A Variational autoencoder consists of two networks : One that encodes a data sample to a latent representation and another that decodes the latent representation back to the data space. Generative Adversarial Networks (GANs) consist of two networks : one network called the generator network that maps a latent representation to the data space and the other called the discriminator network which assigns a probability that a point x in the data space is from the training sample(REAL) or is generated by the discriminator(FAKE). The GAN objective is to find the binary classifier that gives the best possible discrimination between true data and generated data and simultaneously encouraging the generator to fit the true data distribution.

In VAE-GANs, as the name suggests, we combine the idea behind Variational Autoencoders and GANs as shown in the image above. The encoder takes a training sample x as input, and produces a latent representation z. The decoder of the VAE, is also simultaneously used as the generator of the GAN. It takes a latent representation z as input and produces which is a sample in the data space that is generated by the generator. Then we have the discriminator network, which takes a sample from the data space as input. The input is either a sample from the training data or a sample that is generated by decoder/generator. The discriminator is trained in such a way that it assigns a probability of 1 to REAL images (which are from training sample) and assigns a probability of 0 to FAKE images (which are generated by the decoder/generator).

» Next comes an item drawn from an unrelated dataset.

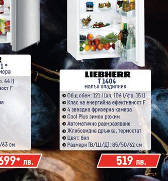 Хладилник с фризер • Обем 344 л (230/114) • No Frost Енергиен клас: F • Kонсумация (kWh/година): 295 • Инверторен компресор с 20 години гаранция • All-Around Cooling • Размер: 185,3х60х65,8 см • Цвят: инокс 979.99 F A G kWh 313 331л. no frost 186 см 59,5 см 180 см kWh година 280 270л. no frost диспенсър 55 см FXCA 2890 NF Хладилник с фризер Обем 270 л (195/75) No Frost • Енергиен клас: F Kонсумация (kWh/година): 280 Стъклени полици и рафтове Диспенсер за студена вода: Размер: 180х54х59,5 см Цвят: Инокс 689.99 F A G FXCA 3790NF/ FXCA 3797NF BK*/FXCA 3795NF IX** Хладилник с фризер • Обем: 295 л (207/88) • Енергиен клас F • NO FROST • Консумация (kWh/год.): 299 • LED осветление • Размери: 185,5х60х60 см Цвят: бял/черен*/инокс** 659.99 699.99* 699.99** 185,5 см kWh година 299 295л. no frost F A G W5 921E OX 2 Хладилник с фризер • Обем: 372 л (261/111) No Frost • Енергиен клас: E • Kонсумация (kWh/година): 249 • LED осветление в хладилната част • Стъклени полици и рафтове • Размер: 201х60х67 см • Цвят: Инокс 859.99 201 см kWh годин 249 372л. E A G 174 см kWh годин 274 254л. F A G CAA 55 1 Хладилник с фризер Обем: 254 (154/100) • Енергиен клас: F Kонсумация (kWh/година): 274 4 чекмеджета във фризера Стъклени полици и рафтове Автоматично размразяване Размери: 174x55x58 см 619.99 180 см SJ-BB05DTXWF/ SJ-BB05DTXLF* Хладилник с фризер • Oбем: 288 л (204/84) • Kонсумация (kWh/г): 280 • LED осветление • Nano Frost • Размер: 180x54x59,5 см • Цвят: бял/инокс* 569.99 599.99* F A G SJ-BB02DTXWF Хладилник с фризер Oбем: 230 л (146/84) Енергиен клас: F Kонсумация (kWh/година): 265 Стъклени полици и рафтове LED осветление Wine Rack • Odour free Размер: 152х54х59,5 см 519.99 152 см kWh годин 265 230л. F A G kWh годин 280 288л. 170 см 54 см FKL268FWT0BG Хладилник с фризер • Обем: 268 л (184/84) • Консумация (kWh/година): 277 • Енергиен клас: F • Размер: 170х54х59.5 см kWh година 277 268л. F A G 499.99 ХИТ ЦЕНА 11 x 99,99 лв. 8 x 77,49 лв. 8 x 107,49 лв. 20 x 70,00 лв. 20 x 87,49 лв. 11 x 113,64 лв. 11 x 109,09 лв. 8 x 122,50 лв. 8 x 86,25 лв. 8 x 71,25 лв. 8 x 75,00 лв. 5 x 104,00 лв. 5 x 100,00 лв. 8 x 82,50 лв. 8 x 87,50 лв. 8 x 87,50 лв.

Here’s my code for VAE-GAN : https://github.com/thebhatman/vae-gan.jl.

I am currently training the model on the CelebA dataset, which consists of celebrity faces.

Contributions to NNlib.jl

Recently there was a major overhaul in NNlib, due to which the API for using basic layers such as conv, depthwiseconv, maxpool and meanpool among others, underwent a change. The convolution layers had to now be be called using the DenseConvdims API and the pooling layers had to be called using the PoolDims API. So I worked on adding wrappers for conv, depthwiseconv, maxpool and meanpool in these two PRs : https://github.com/FluxML/NNlib.jl/pull/127 and https://github.com/FluxML/NNlib.jl/pull/121. Both these PRs have been merged and the layers can now be called easily and more intuitively, without the explicit use of the DenseConvDims and PoolDims API.

Contributions to Flux

I worked on integrating Flux with Zygote, in order to make Zygote the default package for Automatic Differentiation in Flux, hence totally moving away from Tracker (which is currently the package for AD in Flux). A good amount of work had already been done in integrating Flux with Zygote. I carried on and continued from there in this PR : https://github.com/FluxML/Flux.jl/pull/791. This PR is almost complete and the tests are passing. But there is currently one test which fails. The pullback object returned by Zygote.forward() which is used to compute gradients, throws an error when it is called on Float16 type data, but works perfectly when called on Float32 and Float64. I need to spend more time debugging why exactly this error is occurring.

So these are my contributions during Phase 1 so far. I will now start implementing my next proposed model : the STARGAN.